Q: So, I am married with a baby girl on the way. I have a great relationship with my wife, except her lack of sexual interest in me had gotten out of hand. One could say, “She’s preggo” and of course she shouldn’t be bothered. But on the other hand, since we moved in together, over two years ago, our love life has exceedingly gone south, now plunging into many, many months of a “no end in sight” drought.
When we were courting, we were a long-distance affair. Every weekend we saw each other and things were great, satisfaction guaranteed. Now, I get angry knowing that since we’ve been married, we’ve done ‘the deed’ three times and not even on our wedding night. Of course I voice my opinion about this matter, but it seemingly goes unnoticed.

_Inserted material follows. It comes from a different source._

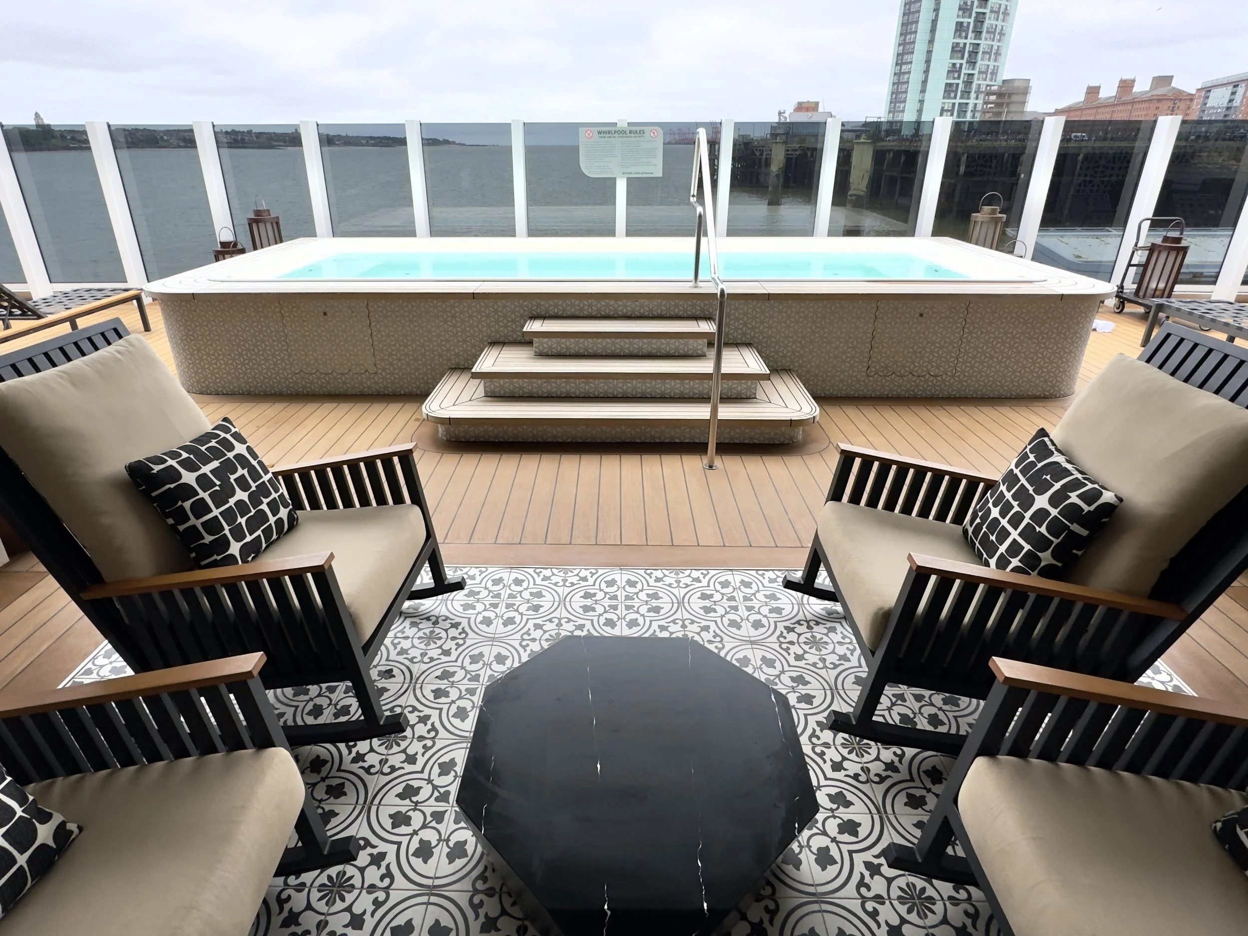 The afternoon was spent making the most of a glimpse of a British summertime by relaxing around the sumptuous pool deck with a glass of champagne as we soaked in the warmth of one of the hot tubs.

I’m not really going to give her a lot of time in this. I’m not going to stay in a sexless marriage forever. Please give me some help. I don’t want to cheat but I’m not ugly and temptation is there!
– Hungry for Love
SCOTT: I often wonder why people who have troubled marriages choose to have children. The little blessing may be just that, but a baby’s not going to solve any problems in a relationship, especially where sex is concerned. If your wife’s desire for sex wasn’t high before, it’s certainly not going to increase with pregnancy! Where’s your head dude? Wait, don’t answer that.
Get your priorities in order. Start thinking about the baby you chose to bring into the world, stick with your wife through her pregnancy and don’t expect her sex drive to increase for quite a while. After the baby’s born try scheduling regular date nights to get your relationship back on track. Until then, when the occasion “arises,” get some porn.